Table 17: Evaluation results of Hebei provincial highway S241 sections.

It was shown that the safety level of section two is A that means the best safety service, but traffic facility of section was considered fair, indicating that it is a potential risk factor, and those of the geometric and traffic environments were considered safe. Whereby, minor safety maintenance is required. The overall results of section one illustrated that the safety level is C and the geometric and traffic facility safeties were poor. Therefore, section one needed middle-scale improvement.

8. Conclusions

This research proposes a standard and safety evaluation measure for provincial highway. To provide realistic standard, the data of accidents occurring in provincial highways were analyzed to drive their features.

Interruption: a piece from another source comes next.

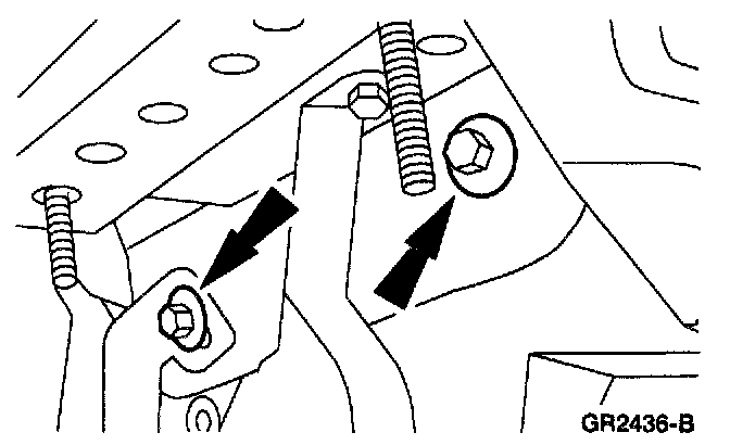 10. Remove the steering column mounting support to instrument cowl brace bolts.

Also by researching previous researchers, major elements were selected to evaluate provincial highway, and the weights of these elements had been calculated using AHP method.

It is judged that using the result of this research can maximize the efficacy of highway safety management project since it can select hazardous highway not only based on the number of accidents but also based on geometric feature, traffic facility, and traffic environment. Also, this research is different from the ones in the past in a way that crash-based analysis and traffic-conflict analysis were used which can be difficult to apply in real cases. On the contrary, this research had made it easy to apply site application.

With models developed in the research project, provincial highway engineers are able to better or more objectively evaluate safety performance so that optimized improvement options could be planned. However, in order to reasonably use the evaluation models, the models should be upgraded on the yearly basis with the new field data collected. In fact, the approach described in the paper can be implemented into a computer-based package with friendly software interfaces. Field engineers can use the computer-based package to perform field surveys and enter data to the package. This can reduce significant amount of time to process the survey results and make the survey work much easier.

Conflict of Interests

The authors declare that there is no conflict of interests regarding the publication of this paper.


This research was supported in part by the National Natural Science Foundation of China with nos. 51308192 and 51208100. The authors would like to show great appreciation for these supports.